The overall goal of this project is to determine whether common sleep disturbance patterns, sleep continuity disturbance (SCD) and Sleep Fragmentation (SF), alter cerebral study drug receptor availability, drug-based analgesia, and drug abuse liability. The investigators specifically aim to: 1) evaluate whether experimental SCD and/or SF alter resting or pain-evoked receptor binding potential in brain regions associated with pain inhibition; 2) examine whether SCD and/or SF alters the analgesic response and abuse liability profile of a study medication; and 3) determine whether receptor binding potentials in brain regions of interest are associated with study medication analgesia and abuse liability.
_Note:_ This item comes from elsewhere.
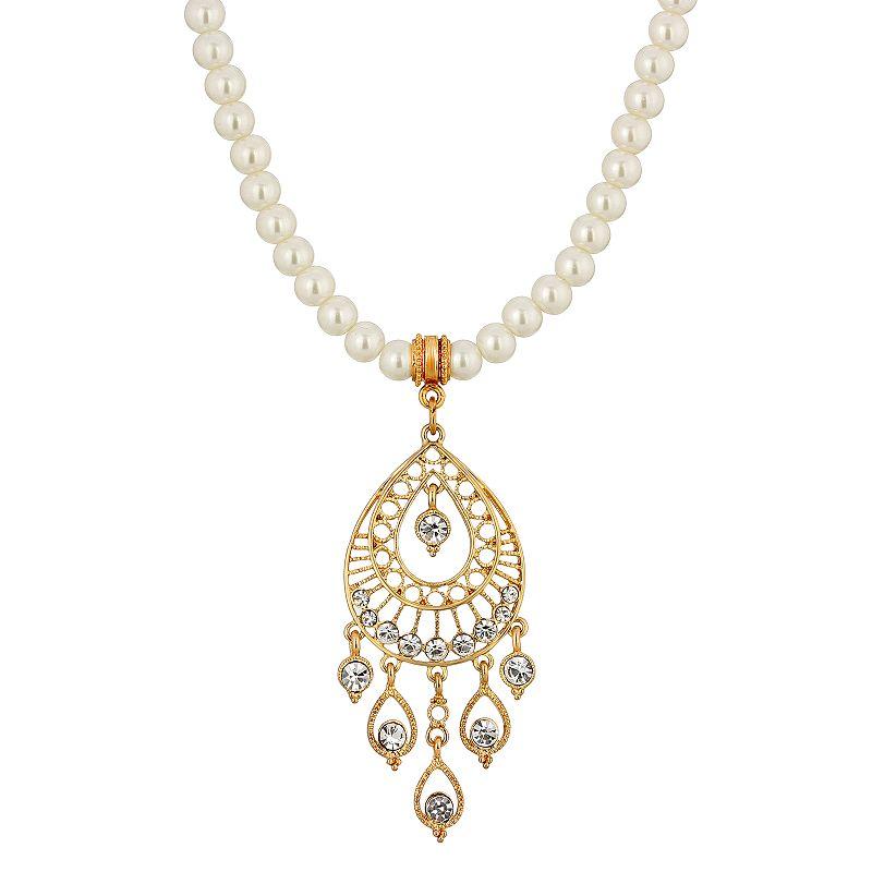 Dazzle them with this stunning gold-tone and crystal chandelier pendant on a faux pearl necklace. This piece by 1928 is sure to become a favorite in your collection. Dazzle them with this stunning gold-tone and crystal chandelier pendant on a faux pearl necklace. This piece by 1928 is sure to become a favorite in your collection. NECKLACE DETAILS Chain length: 15 in. Extender length: 3 in. Drop length: 2.9 in. Metal: alloy Plating: gold tone Finish: polished Stone: acrylic, crystal Size: One Size. Color: White. Gender: female. Age Group: adult.

The investigators will also evaluate the extent to which associations differ by sleep condition or sex.

Conditions

  • Sleep Disorder
  • Healthy

Interventions

BEHAVIORAL

Sleep Fragmentation

Subjects are provided an 8-hour sleep opportunity. Two speakers are placed 12 inches from the head of the bed and four remote-activated mechanical vibrators are placed underneath the mattress. EEG microarousals (\>3 s), as defined according to standard criteria, are elicited at a frequency of 30 or more events per hour.

DRUG

Within-Subject test of blinded study medication (stimulant, benzodiazepine, opioid, cannabinoid, over-the-counter pain medication, or placebo)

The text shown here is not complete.